## What is required
Give back an exact copy of the lines in the records below, from the line that has "Notas adhesivas de" through the line that has "Greenplace angel with", and nothing besides.

## Entries supplied
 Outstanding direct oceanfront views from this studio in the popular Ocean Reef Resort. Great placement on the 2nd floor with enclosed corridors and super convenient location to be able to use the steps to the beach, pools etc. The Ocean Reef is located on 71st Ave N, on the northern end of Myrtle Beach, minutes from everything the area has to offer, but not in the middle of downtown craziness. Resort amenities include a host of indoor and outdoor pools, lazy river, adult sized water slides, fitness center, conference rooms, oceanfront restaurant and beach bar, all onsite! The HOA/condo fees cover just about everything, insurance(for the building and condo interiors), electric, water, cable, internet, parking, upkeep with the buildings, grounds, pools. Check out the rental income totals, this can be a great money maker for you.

---

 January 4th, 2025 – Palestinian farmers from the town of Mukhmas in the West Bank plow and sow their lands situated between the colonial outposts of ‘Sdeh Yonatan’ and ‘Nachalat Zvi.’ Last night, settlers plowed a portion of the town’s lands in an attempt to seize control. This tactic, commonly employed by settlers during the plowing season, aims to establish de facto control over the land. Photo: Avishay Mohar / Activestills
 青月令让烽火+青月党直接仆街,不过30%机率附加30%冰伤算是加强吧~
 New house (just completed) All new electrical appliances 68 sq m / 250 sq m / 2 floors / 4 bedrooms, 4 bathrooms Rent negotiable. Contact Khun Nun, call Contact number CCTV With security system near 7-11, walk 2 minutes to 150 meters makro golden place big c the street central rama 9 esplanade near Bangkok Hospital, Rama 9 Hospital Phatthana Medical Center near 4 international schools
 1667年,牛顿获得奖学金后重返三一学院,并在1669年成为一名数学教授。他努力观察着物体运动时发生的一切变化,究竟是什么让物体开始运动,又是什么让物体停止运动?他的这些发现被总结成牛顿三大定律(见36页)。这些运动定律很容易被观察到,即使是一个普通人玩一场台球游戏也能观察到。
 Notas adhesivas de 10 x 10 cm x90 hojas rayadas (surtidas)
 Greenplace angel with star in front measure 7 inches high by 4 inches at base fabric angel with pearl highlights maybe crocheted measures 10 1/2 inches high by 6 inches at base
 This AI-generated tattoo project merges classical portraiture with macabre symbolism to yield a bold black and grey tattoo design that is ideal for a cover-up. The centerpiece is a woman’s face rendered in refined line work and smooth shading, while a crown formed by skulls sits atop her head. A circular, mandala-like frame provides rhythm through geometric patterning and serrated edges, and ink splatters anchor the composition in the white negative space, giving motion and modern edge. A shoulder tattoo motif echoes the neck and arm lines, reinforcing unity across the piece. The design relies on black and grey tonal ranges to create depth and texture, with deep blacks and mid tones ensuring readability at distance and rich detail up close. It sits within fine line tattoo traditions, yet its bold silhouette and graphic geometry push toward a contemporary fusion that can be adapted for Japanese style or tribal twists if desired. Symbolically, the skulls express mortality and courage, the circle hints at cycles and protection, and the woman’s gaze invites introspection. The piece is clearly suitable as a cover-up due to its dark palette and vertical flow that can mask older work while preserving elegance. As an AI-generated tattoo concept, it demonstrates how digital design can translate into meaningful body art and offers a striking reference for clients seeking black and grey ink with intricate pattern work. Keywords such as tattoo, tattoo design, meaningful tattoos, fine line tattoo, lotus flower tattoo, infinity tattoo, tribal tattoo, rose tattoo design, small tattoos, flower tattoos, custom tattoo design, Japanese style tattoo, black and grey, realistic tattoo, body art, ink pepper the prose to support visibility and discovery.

## Result of the exercise
 Notas adhesivas de 10 x 10 cm x90 hojas rayadas (surtidas)
 Greenplace angel with star in front measure 7 inches high by 4 inches at base fabric angel with pearl highlights maybe crocheted measures 10 1/2 inches high by 6 inches at base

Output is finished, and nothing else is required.